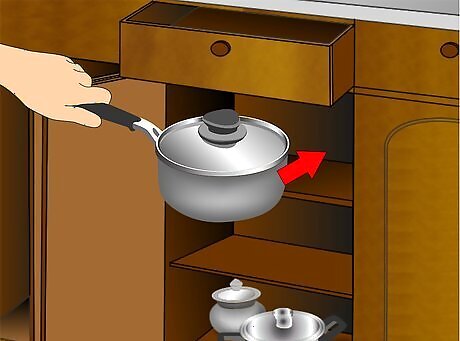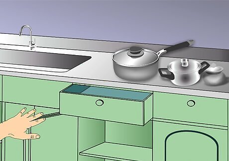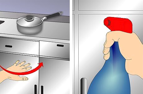 Empty out your kitchen cabinets. Clean the interior with soap and water.
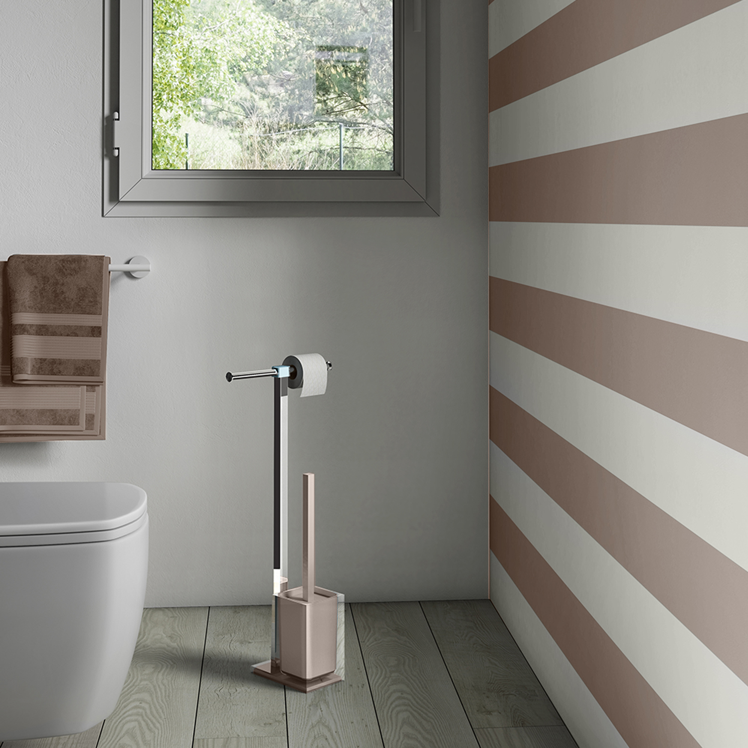 Bathroom butler with toilet paper roll holder and toilet brush holder, with light turtledove grey/transparent coloured base. toilet brush with black bristle brush
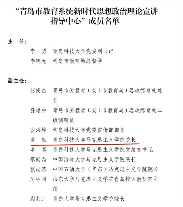青教工委“青岛市教育系统新时代思想政治理论宣讲指导中心”成员
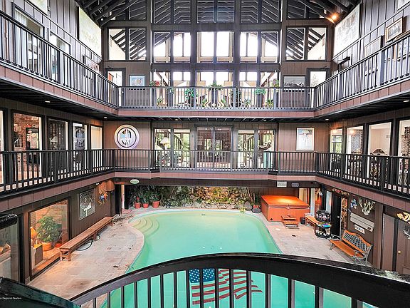 This gracious, custom home on over 2 picturesque acres is uniquely designed for poolside entertaining 365 days a year! The custom pool surrounded by blue flagstone is the focal point of the home which offers 3 full floors of living space. Poolside features a custom bar, steam room, hot tub and family room area that opens to a private outside patio and more...The kitchen has been tastefully updated, large master suite w fireplace and 3 additional bedrooms.

━━━━

■ Directions for this task:
Aside from its pictures, the listing must be given again in full, exactly as it appears.

■ Response area:
 Empty out your kitchen cabinets. Clean the interior with soap and water.
 Bathroom butler with toilet paper roll holder and toilet brush holder, with light turtledove grey/transparent coloured base. toilet brush with black bristle brush
青教工委“青岛市教育系统新时代思想政治理论宣讲指导中心”成员
 This gracious, custom home on over 2 picturesque acres is uniquely designed for poolside entertaining 365 days a year! The custom pool surrounded by blue flagstone is the focal point of the home which offers 3 full floors of living space. Poolside features a custom bar, steam room, hot tub and family room area that opens to a private outside patio and more...The kitchen has been tastefully updated, large master suite w fireplace and 3 additional bedrooms.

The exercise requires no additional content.